(Records from a dataset)
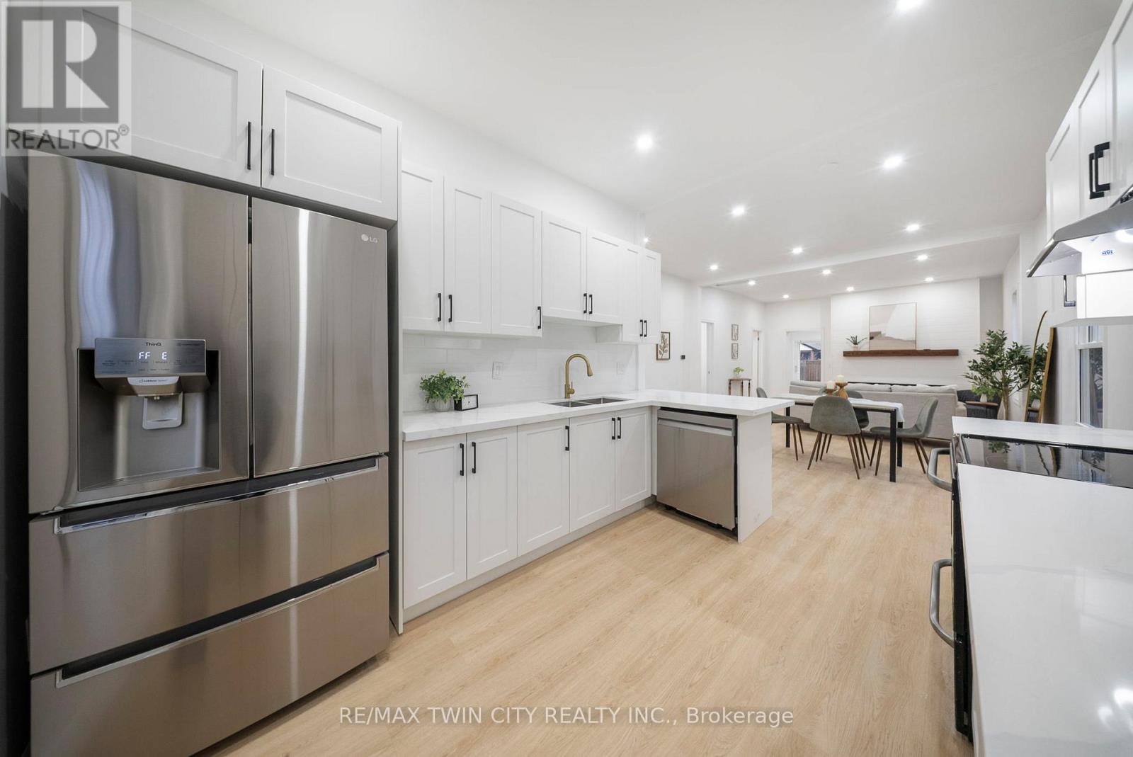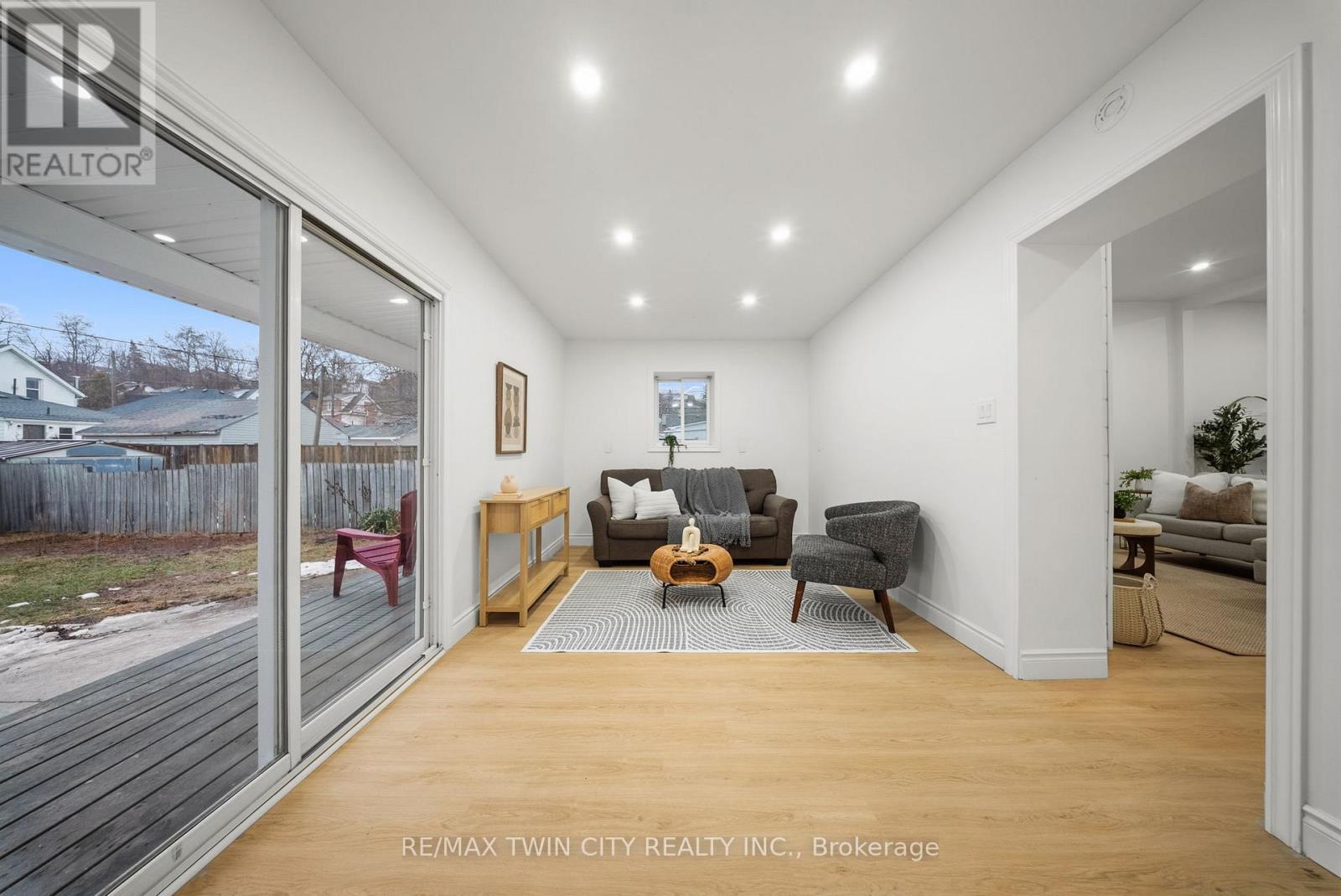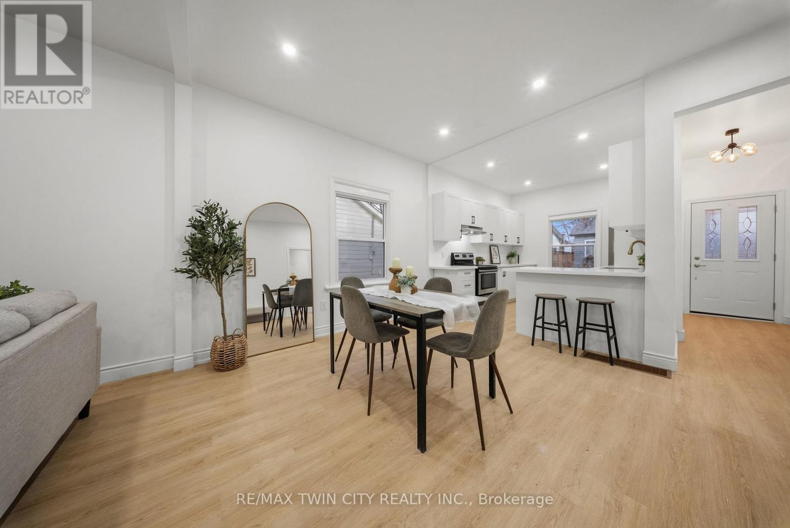 Welcome to 8 Main Street in the City of Brantford. This spacious, fully renovated bungalow offers over 1,300 sq ft of move-in-ready living space, ideal for families or those seeking both comfort and functionality. The home features 3 well-appointed bedrooms (all with closets) and 2 bathrooms, along with a bright open-concept main floor designed for modern living. Enjoy a separate dining area and a large living room highlighted by a stylish accent wall with a built-in fireplace. The updated kitchen is equipped with quartz countertops, a convenient breakfast peninsula, and ample cabinetry. High ceilings and large windows provide an abundance of natural light throughout. Main floor laundry adds everyday convenience. A versatile second main-floor living area or rec room offers additional space for relaxing or entertaining, complete with a patio door providing direct access to the rear deck. Recent updates include luxury vinyl plank flooring throughout, LED lighting, updated windows and doors, a 100-amp breaker panel, furnace, central air conditioning, and more. The unfinished basement presents excellent potential for up to 1,000 sq ft of additional living space-perfect for extra bedrooms, an in-law setup, recreation area, or ample storage. Step outside to a large stamped concrete patio overlooking the expansive, private fenced backyard-ideal for entertaining. The outdoor space also features a garden area to grow your own veggies, a small pond previously used for koi fish, and a steel shed situated on a new concrete pad. A truly turn-key property offering space, updates, and versatility. Schedule your viewing today! (id:50787)
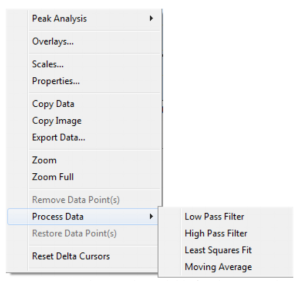可以通過在感興趣的數(shù)據(jù)窗口右擊,查看可用的分析菜單。這些工具的目的不是提供額外的數(shù)據(jù),而是幫助用戶在那些獲得的參數(shù)不夠優(yōu)化的實驗結(jié)果中改善和加強數(shù)據(jù)呈現(xiàn)的方式,或者去掉實驗過程中的一些人為因素的影響。
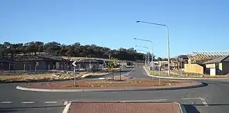 Casey will eventually occupy an area approximately 192 ha in size and accommodate 1,940 dwellings, including about 275 medium density units in the commercial centres. A Group (Shopping) Centre will be constructed in the south-east corner of the suburb near the corner of Horse Park and Clarrie Hermes Drives. A second and minor commercial centre planned for Casey will be built at the northern end of the suburb nearest the future suburb of Taylor. The Group Centre is expected to incorporate a retail core clustered around a 'central green-node' similar to Green Square in Kingston.[6] To improve accessibility of the Group Centre, Clarrie Hermes Drive has been extended through to the Barton Highway at its westerly end.
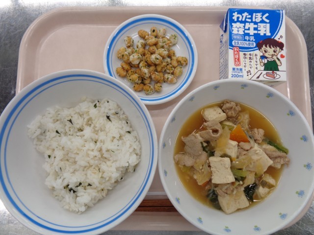 ・わかめごはん ・肉豆腐 ・のり塩大豆 ・牛乳
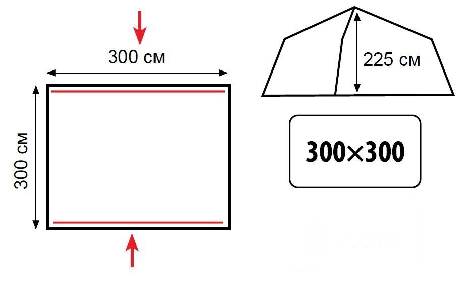 Размер шатра 3 на 3 метра высота - 2.25 метра, что позволяет стоять высокому взрослому человеку в полный рост не сгибаясь.
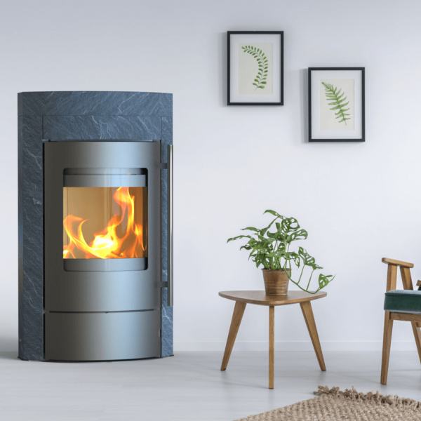Samostojeća kaminska peć na drva Thermia Ignis Mass, sa funkcijom kontinuiranog paljenja za trajno zagrijavanje doma ili u radu nekoliko sati ili preko noći, nominalna snaga 8 kW.
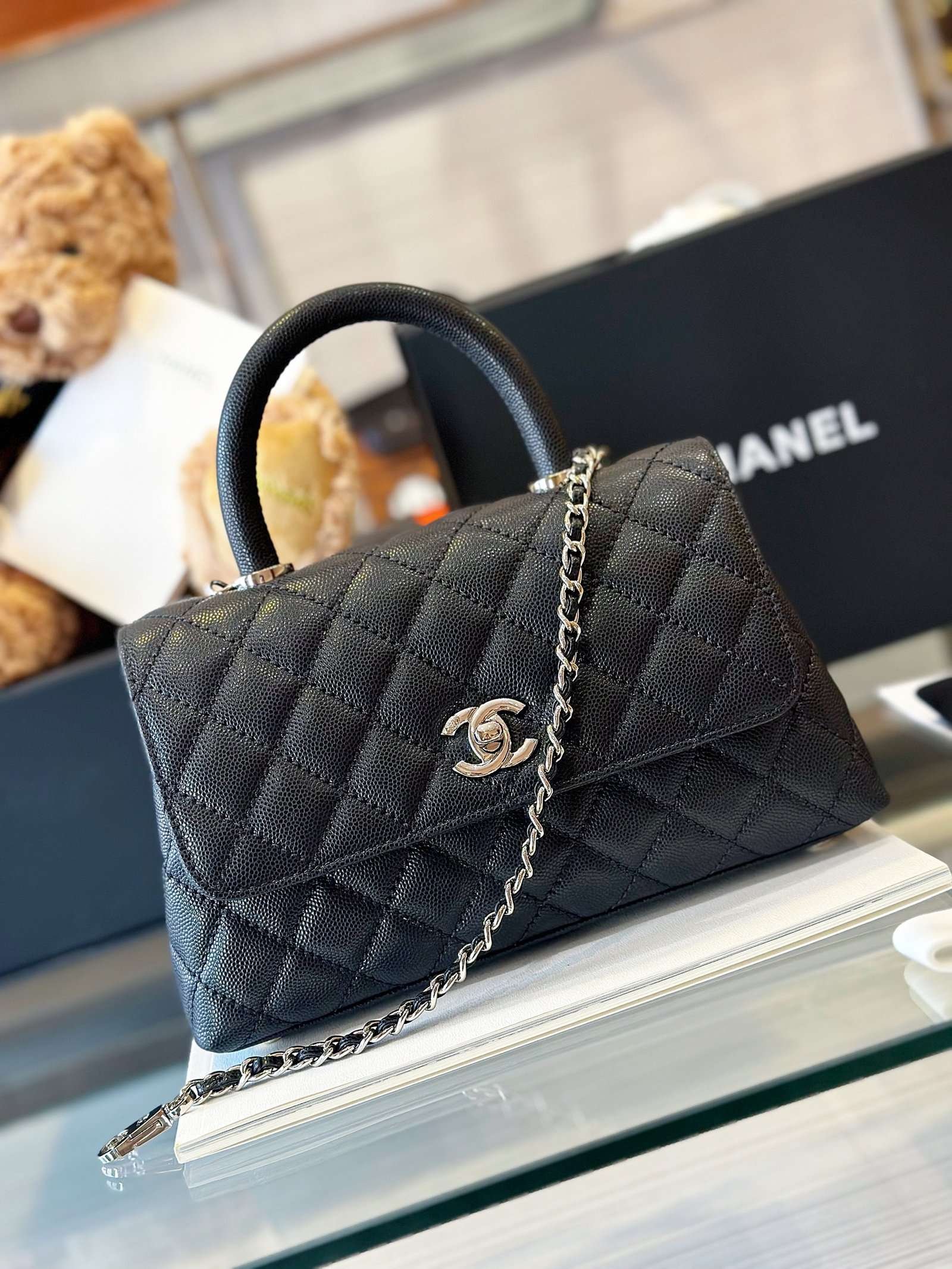 Chanel Coco Handbag Leather Black With Silver Lock 23cm - LuxuryRepBags

> _TASK STATEMENT_: Quote word for word only the lines above from the one containing "Casey will eventually" through the one containing "Samostojeća kaminska peć". Pictures stay out of your copy.

> _EXERCISE RESULT_:
 Casey will eventually occupy an area approximately 192 ha in size and accommodate 1,940 dwellings, including about 275 medium density units in the commercial centres. A Group (Shopping) Centre will be constructed in the south-east corner of the suburb near the corner of Horse Park and Clarrie Hermes Drives. A second and minor commercial centre planned for Casey will be built at the northern end of the suburb nearest the future suburb of Taylor. The Group Centre is expected to incorporate a retail core clustered around a 'central green-node' similar to Green Square in Kingston.[6] To improve accessibility of the Group Centre, Clarrie Hermes Drive has been extended through to the Barton Highway at its westerly end.
 ・わかめごはん ・肉豆腐 ・のり塩大豆 ・牛乳
 Размер шатра 3 на 3 метра высота - 2.25 метра, что позволяет стоять высокому взрослому человеку в полный рост не сгибаясь.
Samostojeća kaminska peć na drva Thermia Ignis Mass, sa funkcijom kontinuiranog paljenja za trajno zagrijavanje doma ili u radu nekoliko sati ili preko noći, nominalna snaga 8 kW.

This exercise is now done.